Письма, телеграммы, записные книжки
Антуан де Сент-Экзюпери
Письмо г-же Н. (Письмо Х.)
[Орконт, конец декабря 1939 г.]
Полночь.
В Витри был праздник. Мне пришлось пойти во «фронтовой театр»[58]. И вновь острей, чем когда бы то ни было, встал вопрос: почему мы воюем? Куда делись французы? Куда делся г-н Паскаль? До чего ничтожно это паясничанье! Эти стереотипные, как с конвейера, песенки! Еще куда ни шло, когда они идиотские, вроде «Ольги», тогда их еще можно вынести:
И, не пойдя в официантки, Она пошла по офицерам.
Но они становятся духовной порнографией, когда пытаются подняться до уровня чувств, когда намереваются растрогать. Это консервы для собак, которые фабриканты подсовывают людям, и люди ими довольны. Мильтону[59] хлопали. До чего угрюма веселость этого шута! Веселость горемыки, страдающего геморроем и способного думать только о нем. И, тем не менее, он худо-бедно зарабатывает себе на хлеб потоками слов, которые невозможно назвать предложениями, потому что предложения – это структуры, которым присуще внутренне движение.
И поэтому, слушая продолжение «Ольги», чувствуешь, как тебя окатывает волна свежести, правды и здоровья:
Она была полудевица И получала вполовину.
Еще бы! Тут ведь полное соответствие стиля и содержания. Содержание – это удовольствие сказать жеребятину. Отмочить глупость. Вещь совершенно естественная, вроде отрыжки. Содержание крайне непритязательно, но оно такое, какое есть, и стиль под стать ему: ничего не прибавляет и не убавляет. Но как вынести без тошноты этакое:
Я люблю-ю-ю тебя безу-у-умно…
Какое внутреннее побуждение направляет этот стиль? Я видел автора. Гнусный барышник. И хотя слова логически связаны друг с другом, все вместе – пьяная икота, утробное урчание мысли. Внутреннего слияния не происходит. Как все это, однако, заношено! И любовь тут – точно королевская багряница, в которую кутается унылый фигляр.
На мгновенье я вдруг растрогался:
Когда девчонки в лес идут, Кюре, довольный, ждет крестин.

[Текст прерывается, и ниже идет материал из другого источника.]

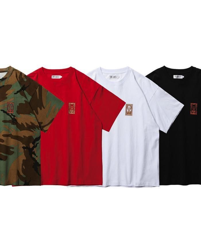 ブラック、ホワイト、レッドの他、迷彩柄はオリジナルのEVI CAMO柄にプリント。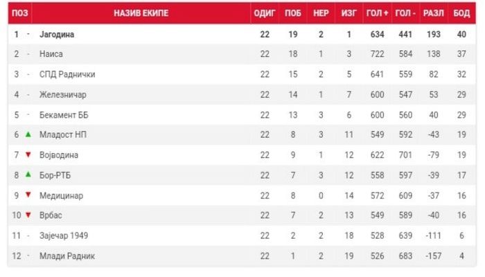 Након 22 одиграна кола у плеј-оф су се пласирале екипе ЖОРК Јагодина која заузима прво место на табели са 40 освојених бодова, ЖРК Наиса је друга са 37, СПД Раднички заузима треће место са 32 бода и ЖРК Бекамент ББ са 29 освојених бодова.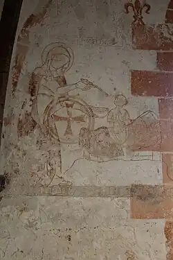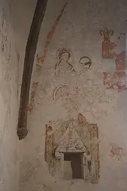 Die hochwertigen roten Wandmalereien im Chorturm stammen aus dem 14. Jahrhundert und sind nur teilweise erhalten. Die ursprüngliche polychrome Fassung ist in einem so geringen Maß erkennbar, dass eine Rekonstruktion nicht sinnvoll schien. Die Darstellungen zeigen weibliche Heilige, die teils bekrönt sind: an der westlichen Nordwand die heilige Elisabeth von Thüringen,[13] die einen alten Bettler speist, an der östlichen Nordwand die heilige Helena, an der nördlichen Ostwand die heilige Dorothea und in der Laibung des Ostfensters Maria mit dem Kind in einer Quaderbemalung. An der Südwand ist Maria Magdalena zusammen mit der heiligen Katharina zu sehen, die als ihr Attribut das Wagenrad hält. Zudem sind Lilien und Architekturmalerei sowie Weihekreuze in zwei Ebenen in unterschiedlicher Malweise dargestellt. In der Ostwand ist im Norden eine viereckige Sakramentsnische mit Wimperg eingelassen. Sie ist von bunter Wandmalerei umgeben, die spitzbogige Fenster mit Nonnenköpfen und stilisiertes Rankenwerk zeigt, weist aber teilweise Zerstörungen durch den Bildersturm auf.[15]

И неожиданно подумал о городе и деревне. Попытался осмыслить. Город – это Жироду и нынешние обстоятельства. Но и место, где все утрачивает смысл. Вследствие игры ума. Так же как и этот барышник. Но он-то из-за собственной ничтожности. А деревня – это непрерывность. Преемственность. Течение времени и перемены, которые им движут. В землю бросают семя, и оно всходит. (Если девушки идут в лес, кюре доволен, так как вскоре будут крестины.)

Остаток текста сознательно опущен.